Bisnis.com, JAKARTA – Indeks Harga Saham Gabungan atau IHSG berpeluang untuk konsolidasi pada perdagangan pekan depan meskipun pasar masih mencermati perkembangan kondisi global terutama perang dagang dan kemungkinan resesi.
Hans Kwee, Direktur PT Anugerah Mega Investama, menjelaskan pekan depan pasar masih diwarnai tentang kepastian pemotongan tarif menjelang kesepekatan perang dagang fase pertama.
Dia menyebutkan bahwa juru bicara Kementerian Perdagangan China dan pejabat Amerika Serikat mengatakan kedua negara telah sepakat untuk membatalkan beberapa tarif dan lebih dekat dengan perjanjian perdagangan "fase pertama".

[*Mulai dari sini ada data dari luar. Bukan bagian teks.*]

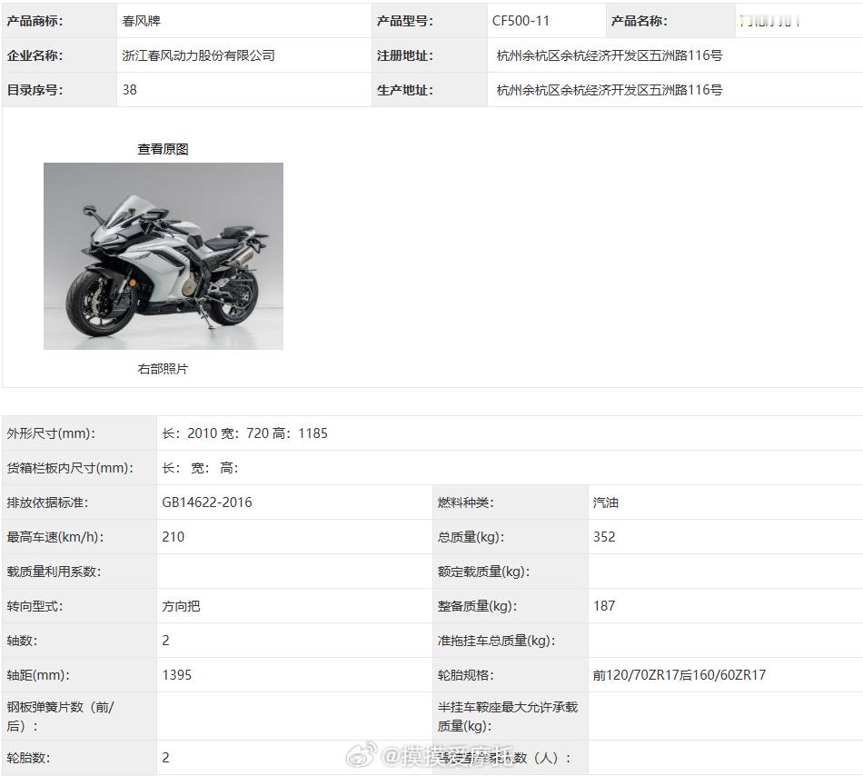 机车摩托车春风四缸500仿赛车型,年后应该就会正式发布了!摸摸爱分享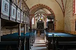 - In der Kirche werden etliche sakrale Gegenstände wie zwei silberne Kelche aus der Zeit um 1500 und 1654 aufbewahrt. Der ältere Kelch wurde 1627 erneuert. Der Kelch und die Patene von 1792 sind aus vergoldetem Silber angefertigt. Die vergoldete Dose aus Silber ist eine Arbeit von 1633, die silberne Kanne wurde 1695 hergestellt.[6]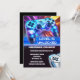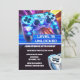 Eine moderne und coole Illustration eines Betrages durch einen blauen Plastikvideospielcontroller, der den Geburtstagsjunge oder Mädchen im Alter auf der digitalen Leiste hat, hat Vorlagen in Weiß auf einem Hintergrund aus schwarzer und neoner Sternexplosion, die personalisiert sein können. Zwei zusätzliche Kontrollen befinden sich vorne und rechts unten. Diese sind ideal für Gaming Party- und Gaming-Feiern. Ideal für Erwachsene und Kinder.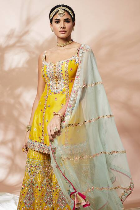 Bright mustard embroidered kurta with gota, applique, mirror & resham work. Comes with sharara & dupatta.

Namun, kata Hans, rencana ini dikabarkan menghadapi pertentangan di internal Gedung Putih. Presiden AS Donald Trump dalam sambutannya kepada wartawan di Gedung Putih menggemukakan dia belum setuju penundaan tarif impor yang dituntut oleh China.
"Sebenarnya masalah yang dibicarakan kedua negara kami perkirakan fokus pada perlindungan kekayaan intelektual, manipulasi mata uang, dan neraca perdagangan," ujar Hans kepada Bisnis pada Sabtu (8/11/2019).
Pada awal pekan pasar sempat melemah setelah ada laporan yang menyebutkan Presiden Donald Trump dan pemimpin China Xi Jinping kemungkinan tidak akan bertemu untuk menandatangani kesepakatan perdagangan sampai Desember.
Pertemuan antara Trump dan Xi dapat ditunda karena kedua belah pihak masih perlu memutuskan sejumlah persyaratan dan tempat untuk melakukan pertemuan.
Hans mengatakan China menginginkan AS menghapus lebih banyak tarif impor senilai US$125 miliar yang dikenakan pada September sebagai bagian dari kesepakatan perdagangan fase pertama. "Hal ini yang masih belum dapat di sepakati Trump," ujarnya.
Selain itu, kata Hans, ekonom PBB mengatakan perang perdagangan China-AS adalah situasi yang merugikan kedua negara dan dunia. Perang dagang di perkirakan menelan biaya US$35 miliar bagi China pada paruh pertama tahun ini.
Sementara itu, konsumen dan perusahaan AS menanggung beban terberat dari tarif yang lebih mahal. "Berangkat dari hal ini, kami perkirakaan AS dan China akan terus berusahan mencari solusi masalah perdagangan kedua negara."
Di sisi lain, lan jut Hans, Bank of England memutuskan untuk mempertahankan suku bunga stabil di posisi 0,75%, tetapi beberapa pejabat, termasuk Gubernur Mark Carney, mengatakan akan mempertimbangkan penurunan jika hambatan global dan masalah Brexit tidak berkurang.
Pelonggaran moneter ke depan dinilai akan mendorong pasar keuangan bergerak positif.
Adapun Dana Moneter Internasional (IMF) mengatakan pertumbuhan ekonomi zona euro akan melambat lebih dari perkiraan karena krisis manufaktur dapat meluas ke sektor jasa akibat ketegangan perdagangan global.
Rilis indeks aktivitas sektor jasa Jerman hampir tidak tumbuh pada Oktober, sementara aktivitas bisnis zona euro berkembang sedikit lebih cepat dari ekspektasi, tapi tetap dekat dengan zona stagnasi.
"Zona Euro berisiko mengalami perlambatan ekonomi membuat pasar modal kawasaran tersebut cenderung tertekan," kata Hans.
Adapun dari domestik, data cadangan devisa naik menjadi US$126,7 miliar, dari sebelumnya US$124,3 miliar. "Kenaikan cadangan devisa merupakan indikasi positif bagi perekonomian."
Selain itu, Badan Pusat Statistik (BPS) mengumumkan pertumbuhan ekonomi RI di periode tersebut sebesar 5,02 persen. Angka ini melampaui perkiraan konsensus para analis sebesar 5 persen. Data ekonomi Indonesia masih positif.
Hans mengatakan data Indonesia masih cukup baik, tetapi pasar akan berhati-hati menanti perkembangan perang dagang dan peluang ekonomi dunia memasuki periode resesi.
"IHSG kami perkirakan berpeluang konsolidasi menguat dengan support di level 6.139 sampai 6.100 dan resistance di level 6.200 sampai 6.240," jelasnya.